The media savvy of ISIS is likely a consequence of the organization’s evolution from its origins in Saddam Hussein’s Ba’athist regime. The Ba’athist government had the distinction of being a worldwide innovator in the use of terrorist video to shame and control its population. Through the practice known as “cutting the eye,” Ba’athists filmed their crimes and delivered copies of the videos to the families of their victims, in particular so that husbands and fathers would see records of the rape of their wives and daughters, which would heap further shame on the abuse. It could be said that Iraq was an early adopter of anti-social media, and ISIS now furthers this deployment of revenge porn and snuff films as the darkest consequences of the Internet age.

It would be untrue to say our cultural community has had no response to ISIS aggression. New York’s Metropolitan Museum has hosted hand-wringing discussions concerning the destruction. U.S. Secretary of State John Kerry gave ISIS a stern-faced lecture from the Temple of Dendur. The U.S. State Department has staffed up a social media department to troll ISIS recruitment with hashtag campaigns. UNESCO has proposed labeling cultural destruction a war crime, while American museums have offered safe harbor to collections in war zones as temporary loans.

Yet these technocratic and bureaucratic solutions do little to counteract the underlying Islamist impulse that wages war outside of any international convention and looks to vandalize the symbols of civilization wherever they are found. Islamist strategy, now played out through the unchecked rise of ISIS, has put cultural institutions the world over at their greatest risk since the Second World War, when Kenneth Clark’s “Picture of the Month” initiative allowed Londoners to still see a single masterpiece in the National Gallery at the height of the Blitz.

Then as now, the only answer to such a threat is the enemy’s unconditional surrender and their de-jihadification by whatever means necessary.
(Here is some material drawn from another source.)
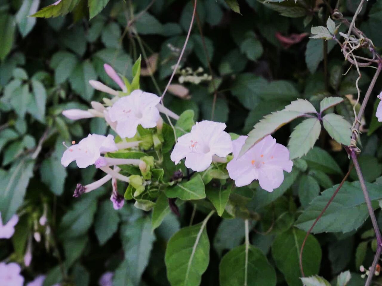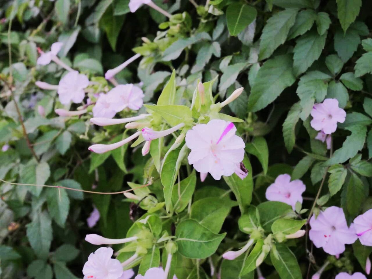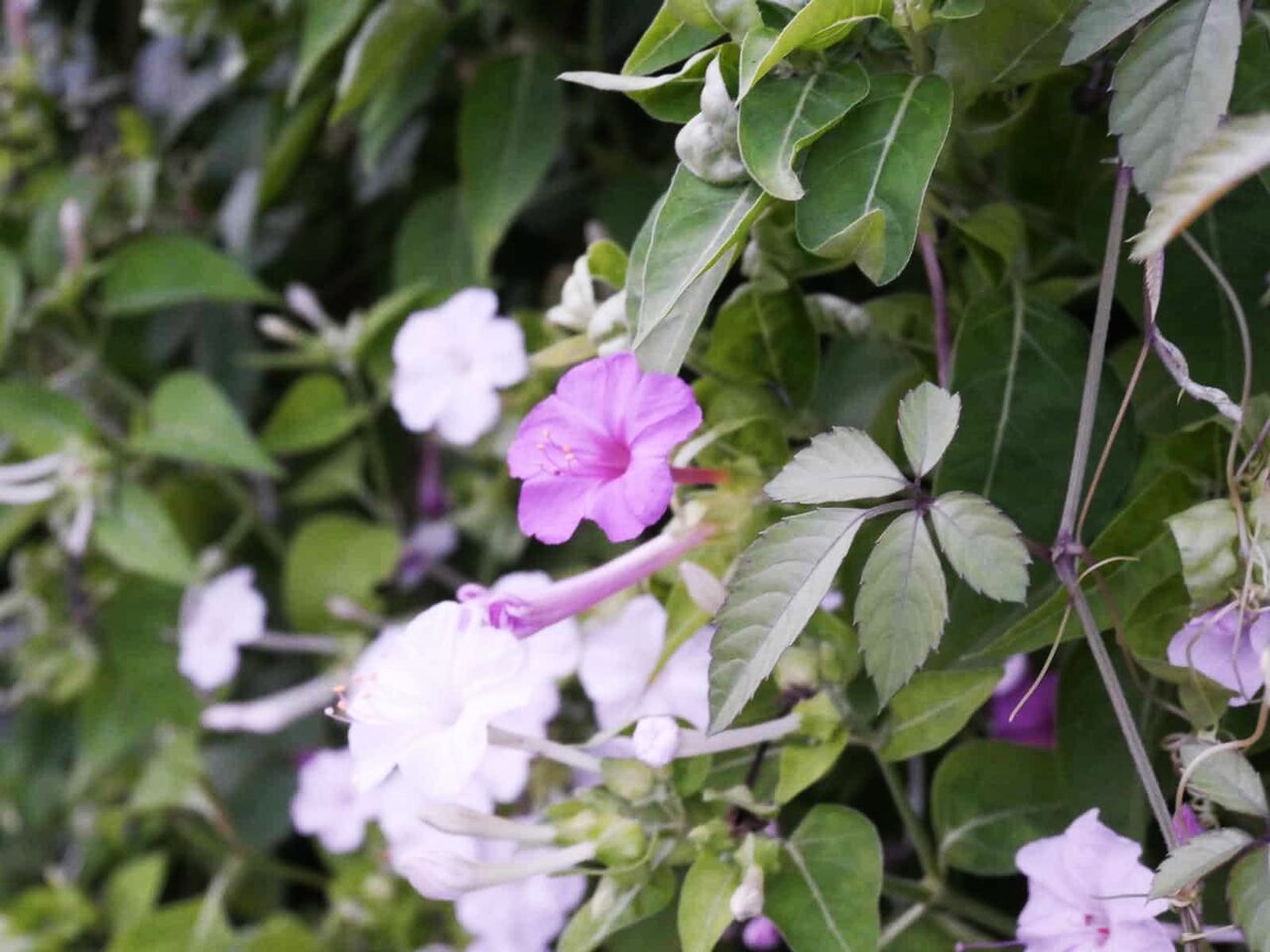 高槻の街かどでときどき見かけるオシロイバナ、小さな朝顔のようで、いっぱい花のつぼみがあるのですがいったいいつごろ(時間帯)咲くのでしょうか?いつも通りがかりの朝はしぼんでいます。休日の昼間もしぼんでいます。。いったい、いつ咲いてんねん!!といつも思っていました。ふだん通らない残りの時間帯(夕方)に通りますと。。

In the meantime their prosecution must be even more relentless and multifaceted than their own initiatives, including the deployment of a media campaign that refills the vacuum left by the secret machinations of the current U.S. Administration. The civilized world must now wage a public war over the preservation of symbols, a fight that will involve the advancement of ideals in virtual territory and the destruction of online networks as equally well as boots on the ground. If only Osama bin Laden had been stopped at the Buddhas of Bamiyan.